Mixed graph convolution and residual transformation network for skeleton-based action recognition
Department
Computer Science
Document Type
Article
Publication Date
1-1-2022
Abstract
Action recognition based on a human skeleton is an extremely challenging research problem. The temporal information contained in the human skeleton is more difficult to extract than the spatial information. Many researchers focus on graph convolution networks and apply them to action recognition. In this study, an action recognition method based on a two-stream network called RNXt-GCN is proposed on the basis of the Spatial-Temporal Graph Convolutional Network (ST-GCN). The human skeleton is converted first into a spatial-temporal graph and a SkeleMotion image which are input into ST-GCN and ResNeXt, respectively, for performing the spatial-temporal convolution.

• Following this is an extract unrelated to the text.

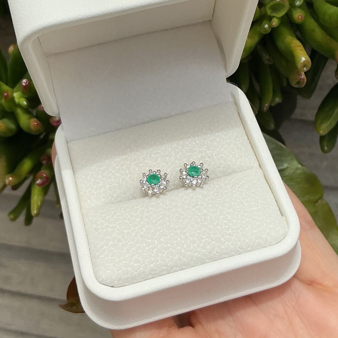 Topos Flor con Esmeralda en plata rodinada
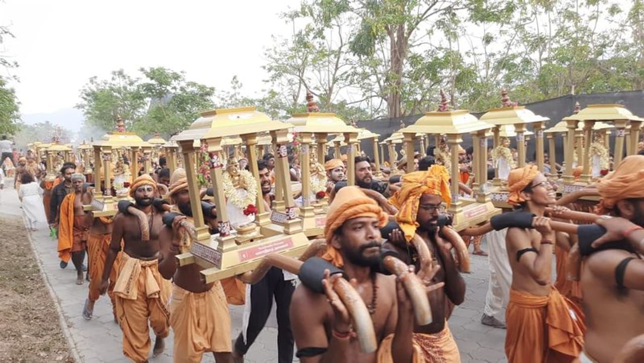 அனைத்து குழுவினரும் ஆலாந்துறை பகுதிக்கு நேற்று மதியம் வந்து சேர்ந்தனர். அங்கிருந்து 63 நாயன்மார்களை தனி தனி பல்லக்குகளில் ஏந்தி ஆதியோகி தேர்களுடன் ஈஷாவுக்கு ஊர்வலமாக வந்தனர். அவர்களுக்கு ஈஷாவின் நுழைவு வாயிலான மலைவாசலில் இருந்து தியானலிங்கம் வரை கைலாய வாத்தியங்கள் முழங்க உற்சாக வரவேற்பு அளிக்கப்பட்டது.

The convolved features are then fused. The proposed method models the temporal information in action from the amplitude and direction of the action and addresses the shortcomings of isolated temporal information in the ST-GCN. The experiments are comprehensively performed on the four datasets: 1) UTD-MHAD, 2) Northwestern-UCLA, 3) NTU RGB-D 60, and 4) NTU RGB-D 120. The proposed model shows very competitive results compared with other models in our experiments. On the experiments of NTU RGB + D 120 dataset, our proposed model outperforms those of the state-of-the-art two-stream models.
Journal Title
Applied Intelligence
Journal ISSN
0924669X
Volume
52
Issue
2
First Page
1544
Last Page
1555
Digital Object Identifier (DOI)
10.1007/s10489-021-02517-w